> Required work: Please, from the entries below, transcribe exactly the lines that begin at the line with "This shape-matching toy" and end at the line with "河(9画)原(10画)崎(11画) 祐(10画)太(4画)郎(10画)", without the pictures.
___ Dataset content ___
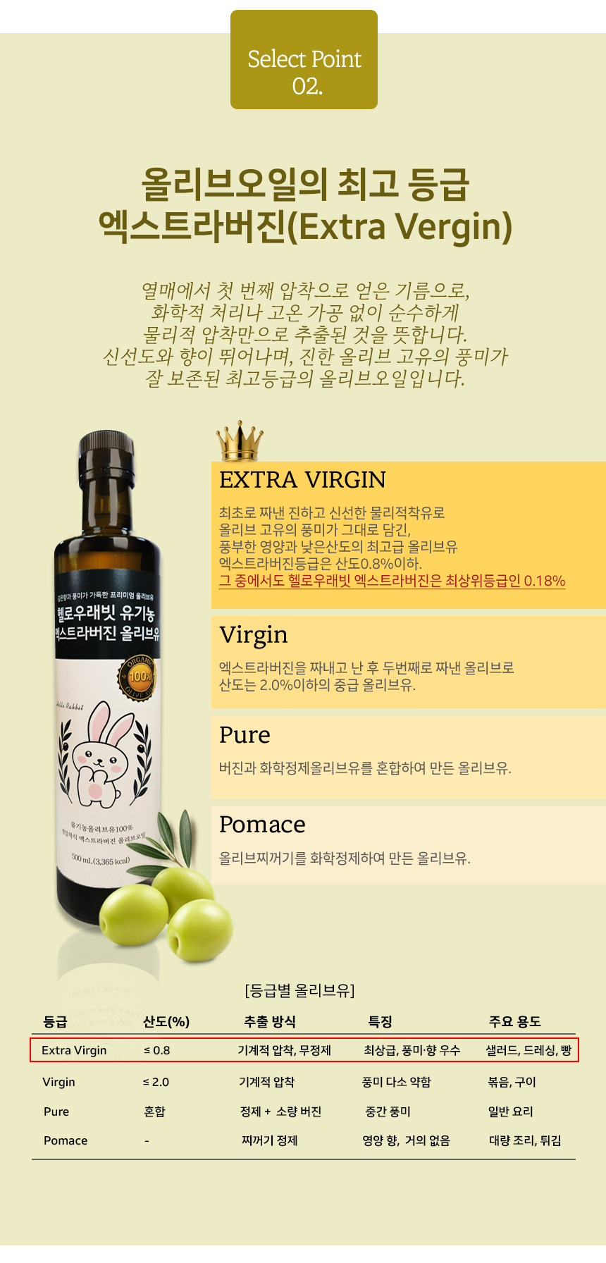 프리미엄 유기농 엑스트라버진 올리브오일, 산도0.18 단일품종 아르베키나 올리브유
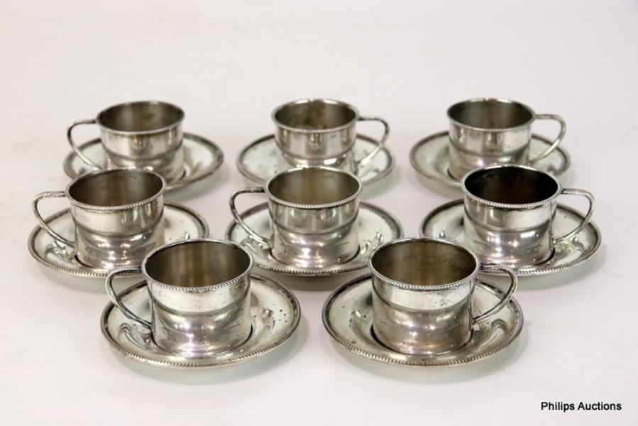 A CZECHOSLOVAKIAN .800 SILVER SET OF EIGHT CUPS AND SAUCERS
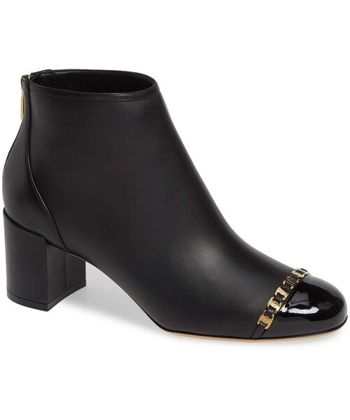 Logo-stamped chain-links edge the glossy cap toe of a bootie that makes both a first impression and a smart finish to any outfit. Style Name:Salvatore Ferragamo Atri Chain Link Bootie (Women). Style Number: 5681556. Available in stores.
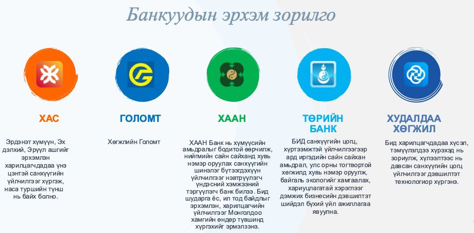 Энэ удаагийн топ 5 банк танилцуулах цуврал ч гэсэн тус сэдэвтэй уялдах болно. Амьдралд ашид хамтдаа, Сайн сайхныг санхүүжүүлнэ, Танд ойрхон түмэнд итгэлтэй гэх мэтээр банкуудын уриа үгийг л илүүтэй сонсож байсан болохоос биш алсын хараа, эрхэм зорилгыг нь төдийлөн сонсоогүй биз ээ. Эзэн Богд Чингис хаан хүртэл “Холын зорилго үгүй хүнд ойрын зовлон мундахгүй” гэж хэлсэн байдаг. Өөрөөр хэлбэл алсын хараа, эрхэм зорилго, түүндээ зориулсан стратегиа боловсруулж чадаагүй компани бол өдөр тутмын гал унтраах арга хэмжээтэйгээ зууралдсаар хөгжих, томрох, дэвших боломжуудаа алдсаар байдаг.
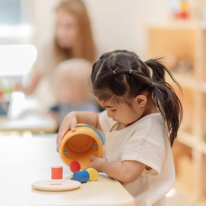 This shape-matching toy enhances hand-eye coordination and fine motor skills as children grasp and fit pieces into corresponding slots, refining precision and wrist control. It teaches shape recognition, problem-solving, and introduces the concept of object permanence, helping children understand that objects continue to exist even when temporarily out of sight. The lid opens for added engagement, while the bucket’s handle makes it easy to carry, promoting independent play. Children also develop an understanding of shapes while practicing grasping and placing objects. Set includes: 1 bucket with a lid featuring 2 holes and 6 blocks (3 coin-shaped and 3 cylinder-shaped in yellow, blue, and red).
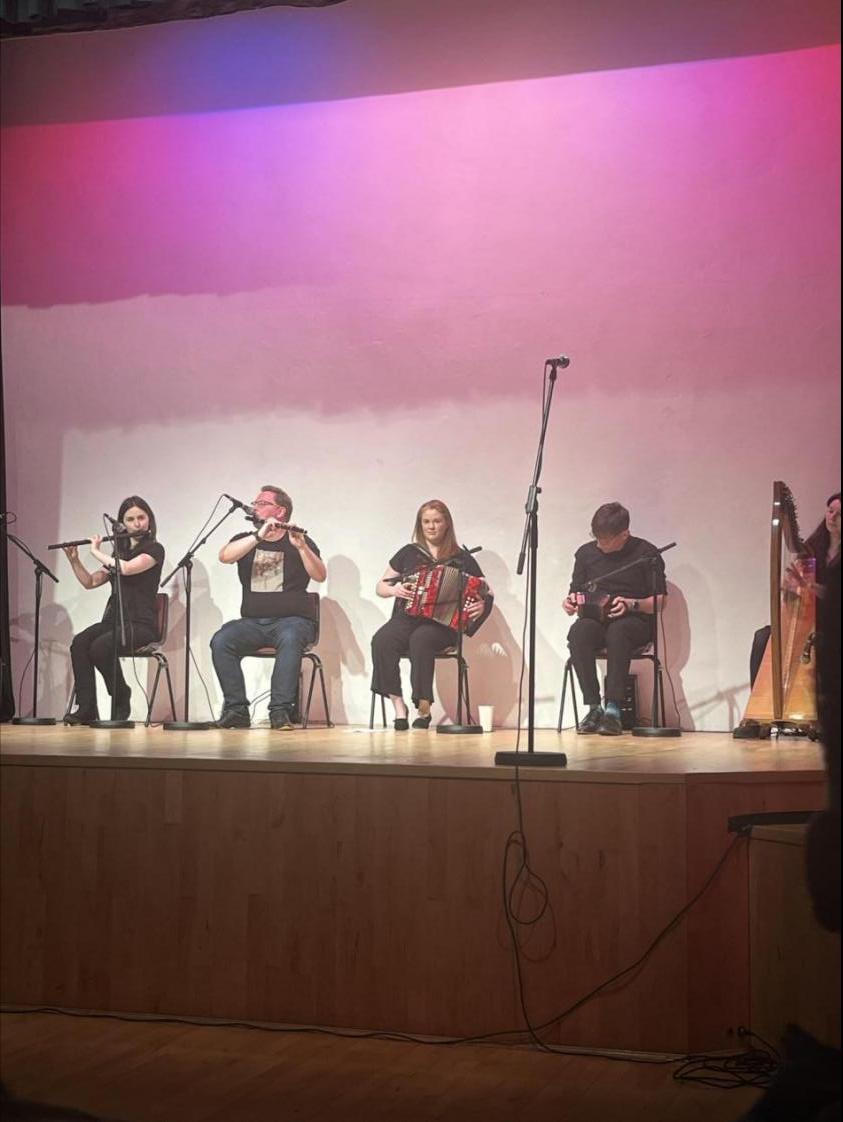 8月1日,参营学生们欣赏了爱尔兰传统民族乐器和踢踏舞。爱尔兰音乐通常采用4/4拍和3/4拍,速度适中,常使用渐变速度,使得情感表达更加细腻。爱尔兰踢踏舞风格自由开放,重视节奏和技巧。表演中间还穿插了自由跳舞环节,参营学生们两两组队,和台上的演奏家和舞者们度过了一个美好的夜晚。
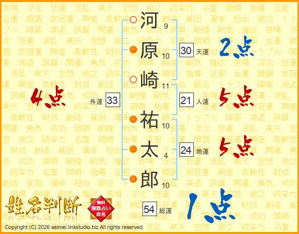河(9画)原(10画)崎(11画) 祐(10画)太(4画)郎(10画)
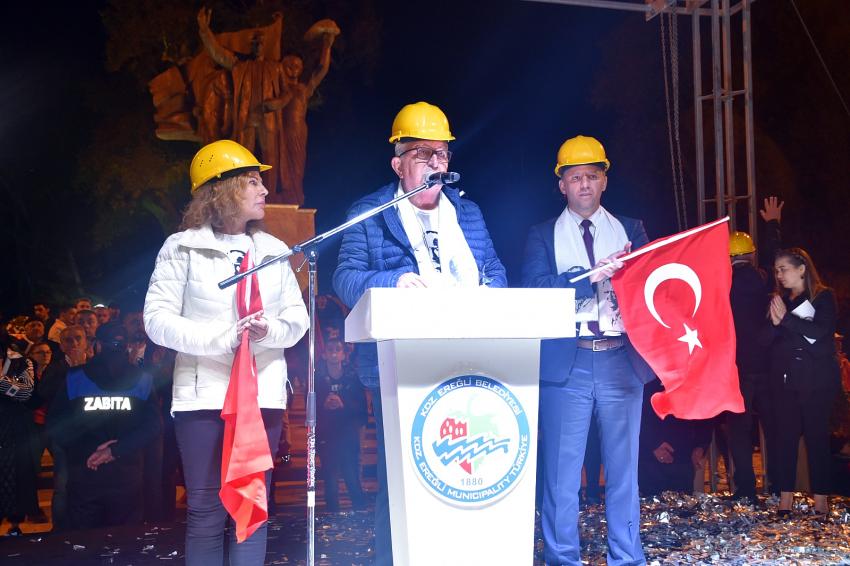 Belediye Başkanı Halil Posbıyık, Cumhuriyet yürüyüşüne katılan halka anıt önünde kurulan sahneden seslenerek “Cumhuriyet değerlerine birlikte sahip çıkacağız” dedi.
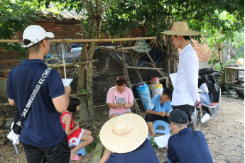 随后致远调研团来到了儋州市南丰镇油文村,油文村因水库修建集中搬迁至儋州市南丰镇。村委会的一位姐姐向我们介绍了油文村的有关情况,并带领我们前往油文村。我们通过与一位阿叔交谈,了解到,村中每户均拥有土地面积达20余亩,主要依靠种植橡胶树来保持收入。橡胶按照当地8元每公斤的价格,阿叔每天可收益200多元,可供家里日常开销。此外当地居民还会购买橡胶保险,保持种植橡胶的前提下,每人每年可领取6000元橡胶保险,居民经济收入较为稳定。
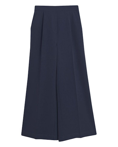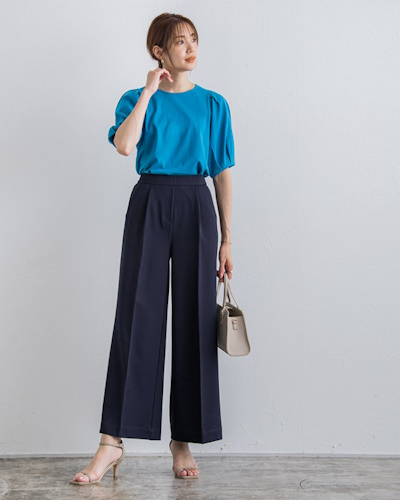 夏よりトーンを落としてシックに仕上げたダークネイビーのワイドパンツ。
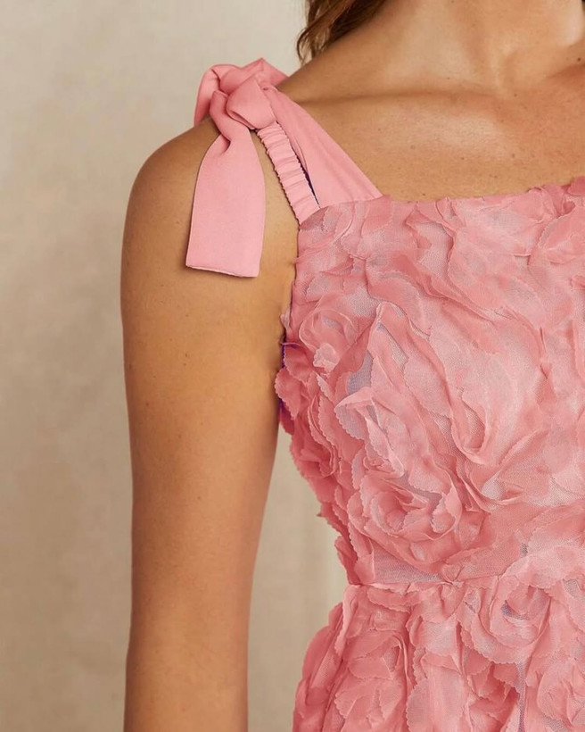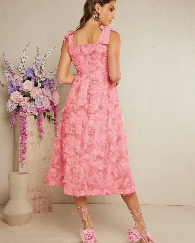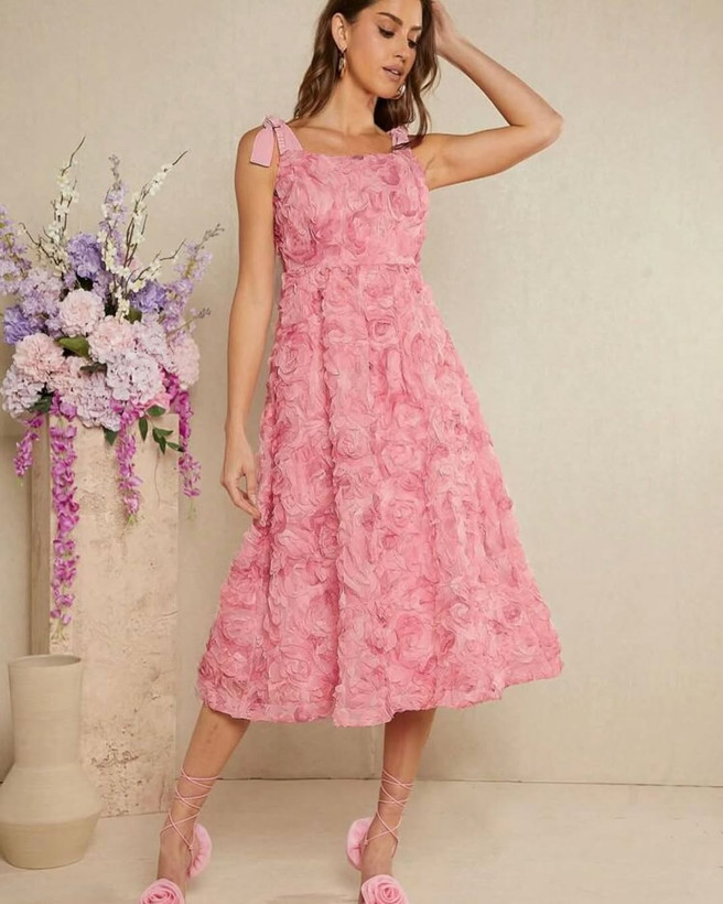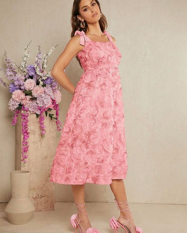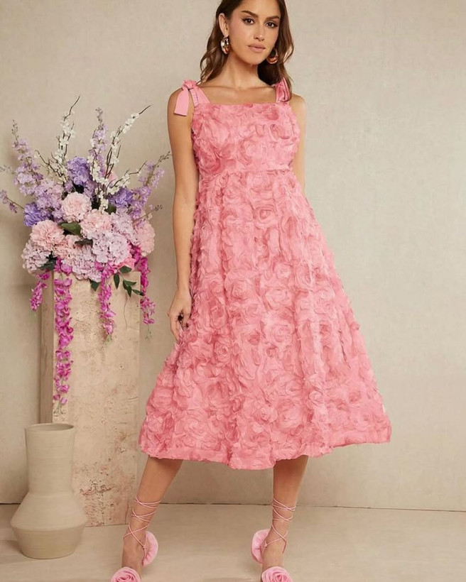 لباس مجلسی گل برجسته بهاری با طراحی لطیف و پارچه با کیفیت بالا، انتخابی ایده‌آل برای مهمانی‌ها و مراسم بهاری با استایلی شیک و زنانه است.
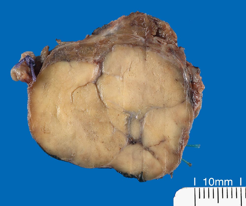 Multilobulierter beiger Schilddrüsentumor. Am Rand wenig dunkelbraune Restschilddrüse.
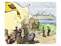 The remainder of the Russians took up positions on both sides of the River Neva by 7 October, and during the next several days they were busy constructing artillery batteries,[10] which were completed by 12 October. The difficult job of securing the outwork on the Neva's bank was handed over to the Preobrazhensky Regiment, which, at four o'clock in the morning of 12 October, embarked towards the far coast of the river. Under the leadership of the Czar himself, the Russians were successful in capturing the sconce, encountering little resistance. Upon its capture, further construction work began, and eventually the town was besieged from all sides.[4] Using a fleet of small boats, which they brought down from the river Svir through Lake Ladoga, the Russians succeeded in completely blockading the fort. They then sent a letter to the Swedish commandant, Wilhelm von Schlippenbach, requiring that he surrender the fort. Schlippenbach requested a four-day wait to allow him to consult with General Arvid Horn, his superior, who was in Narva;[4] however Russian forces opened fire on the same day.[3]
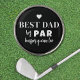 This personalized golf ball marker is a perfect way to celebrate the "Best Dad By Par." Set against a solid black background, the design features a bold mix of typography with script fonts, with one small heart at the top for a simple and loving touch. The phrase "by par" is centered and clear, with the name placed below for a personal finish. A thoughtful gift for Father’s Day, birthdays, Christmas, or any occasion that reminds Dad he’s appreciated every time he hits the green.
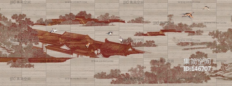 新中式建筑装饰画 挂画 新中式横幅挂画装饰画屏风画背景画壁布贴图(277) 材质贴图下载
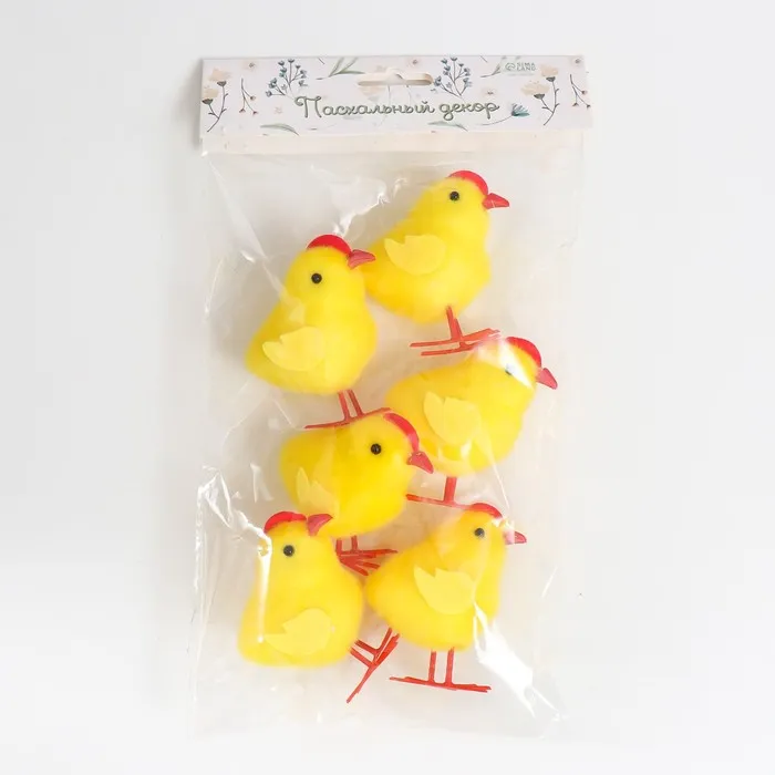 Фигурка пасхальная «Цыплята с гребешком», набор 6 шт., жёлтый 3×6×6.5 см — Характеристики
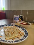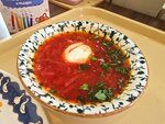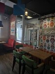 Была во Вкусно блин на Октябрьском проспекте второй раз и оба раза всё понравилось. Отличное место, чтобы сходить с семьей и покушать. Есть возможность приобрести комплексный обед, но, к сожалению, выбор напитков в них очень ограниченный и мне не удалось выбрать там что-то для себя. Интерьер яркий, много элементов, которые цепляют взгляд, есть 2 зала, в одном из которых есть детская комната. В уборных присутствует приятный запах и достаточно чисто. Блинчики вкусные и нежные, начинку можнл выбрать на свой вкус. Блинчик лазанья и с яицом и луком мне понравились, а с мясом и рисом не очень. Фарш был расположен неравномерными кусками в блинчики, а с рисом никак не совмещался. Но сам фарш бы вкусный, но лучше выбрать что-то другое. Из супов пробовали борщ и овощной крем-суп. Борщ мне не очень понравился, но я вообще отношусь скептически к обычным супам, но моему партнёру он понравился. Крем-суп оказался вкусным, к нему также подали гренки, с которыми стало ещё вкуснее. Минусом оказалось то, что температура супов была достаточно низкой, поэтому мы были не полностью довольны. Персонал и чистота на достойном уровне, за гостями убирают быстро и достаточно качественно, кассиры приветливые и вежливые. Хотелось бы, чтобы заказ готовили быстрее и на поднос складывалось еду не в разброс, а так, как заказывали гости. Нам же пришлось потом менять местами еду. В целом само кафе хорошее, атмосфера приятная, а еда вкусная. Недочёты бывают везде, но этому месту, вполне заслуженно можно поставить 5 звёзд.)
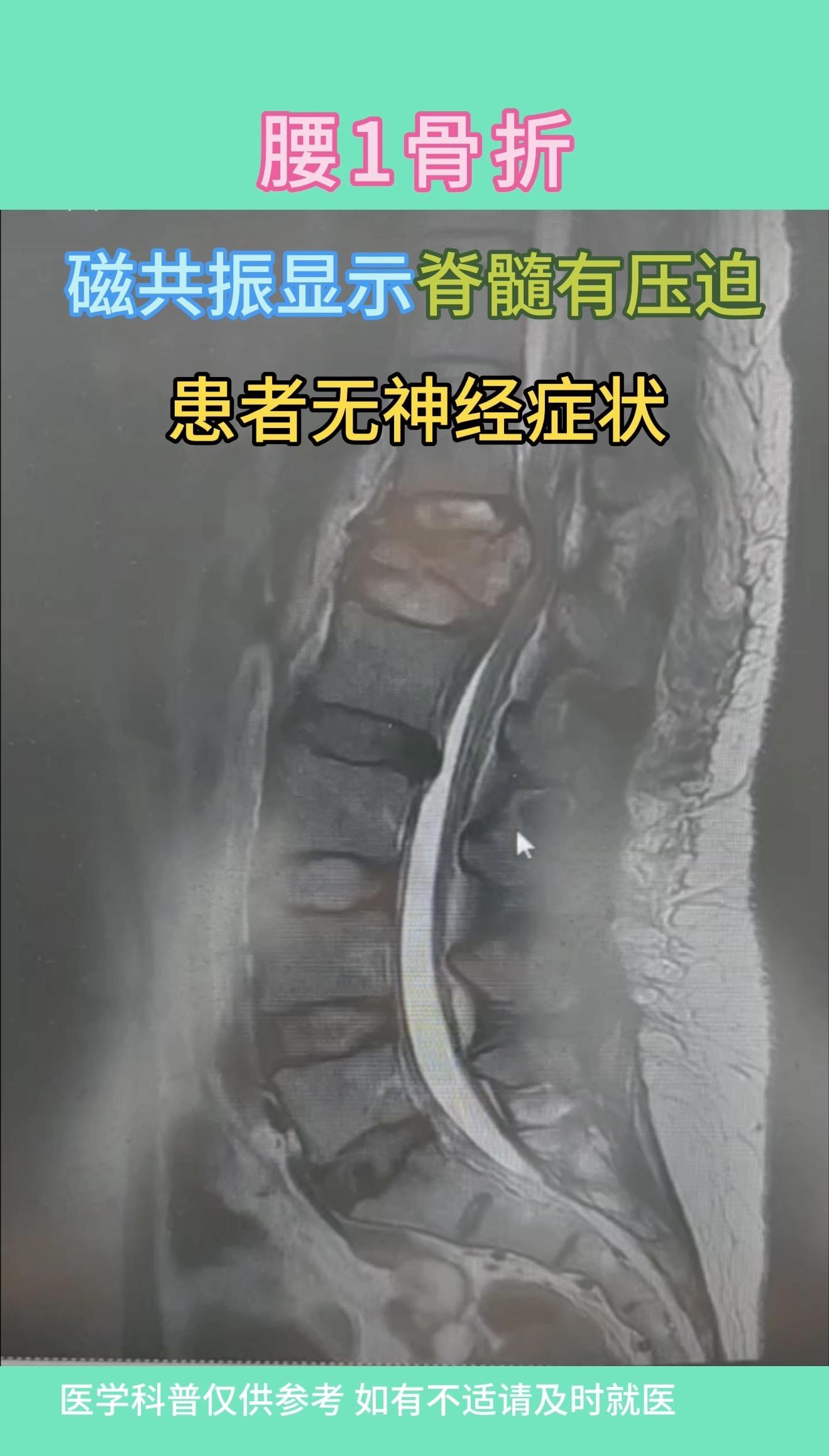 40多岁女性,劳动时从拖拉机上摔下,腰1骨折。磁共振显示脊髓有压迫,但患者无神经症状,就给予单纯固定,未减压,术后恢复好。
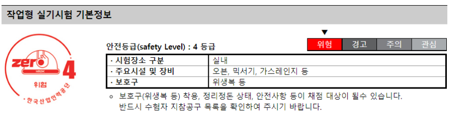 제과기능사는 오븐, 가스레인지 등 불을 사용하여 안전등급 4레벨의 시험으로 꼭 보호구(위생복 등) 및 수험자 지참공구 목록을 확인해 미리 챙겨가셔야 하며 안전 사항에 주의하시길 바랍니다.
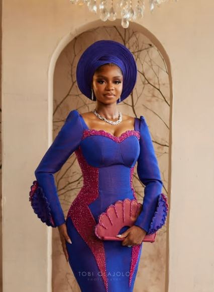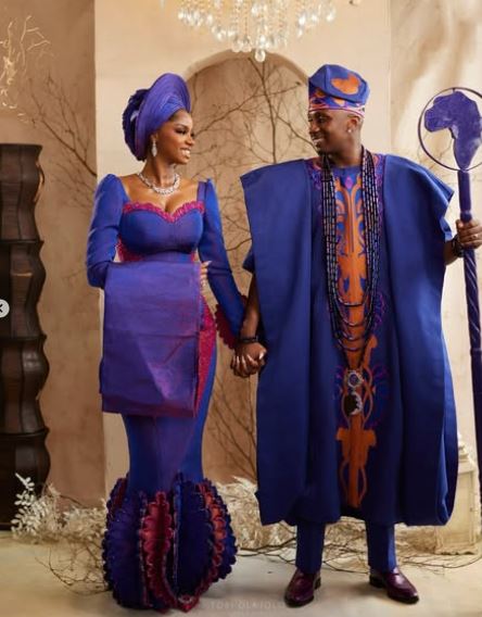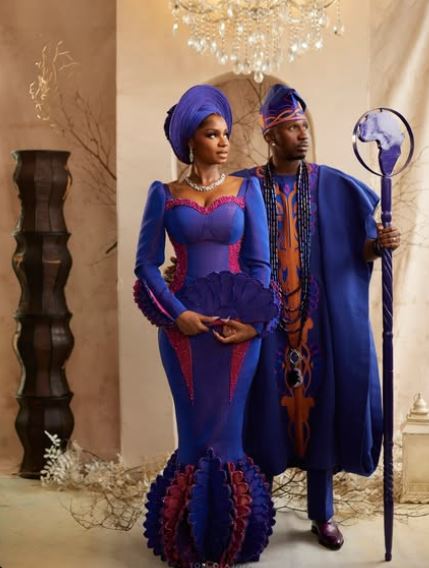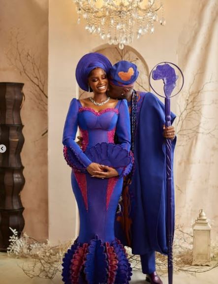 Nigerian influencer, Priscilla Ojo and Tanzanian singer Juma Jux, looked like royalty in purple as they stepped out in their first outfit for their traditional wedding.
___
> Answer to the problem:
 This shape-matching toy enhances hand-eye coordination and fine motor skills as children grasp and fit pieces into corresponding slots, refining precision and wrist control. It teaches shape recognition, problem-solving, and introduces the concept of object permanence, helping children understand that objects continue to exist even when temporarily out of sight. The lid opens for added engagement, while the bucket’s handle makes it easy to carry, promoting independent play. Children also develop an understanding of shapes while practicing grasping and placing objects. Set includes: 1 bucket with a lid featuring 2 holes and 6 blocks (3 coin-shaped and 3 cylinder-shaped in yellow, blue, and red).
 8月1日,参营学生们欣赏了爱尔兰传统民族乐器和踢踏舞。爱尔兰音乐通常采用4/4拍和3/4拍,速度适中,常使用渐变速度,使得情感表达更加细腻。爱尔兰踢踏舞风格自由开放,重视节奏和技巧。表演中间还穿插了自由跳舞环节,参营学生们两两组队,和台上的演奏家和舞者们度过了一个美好的夜晚。
河(9画)原(10画)崎(11画) 祐(10画)太(4画)郎(10画)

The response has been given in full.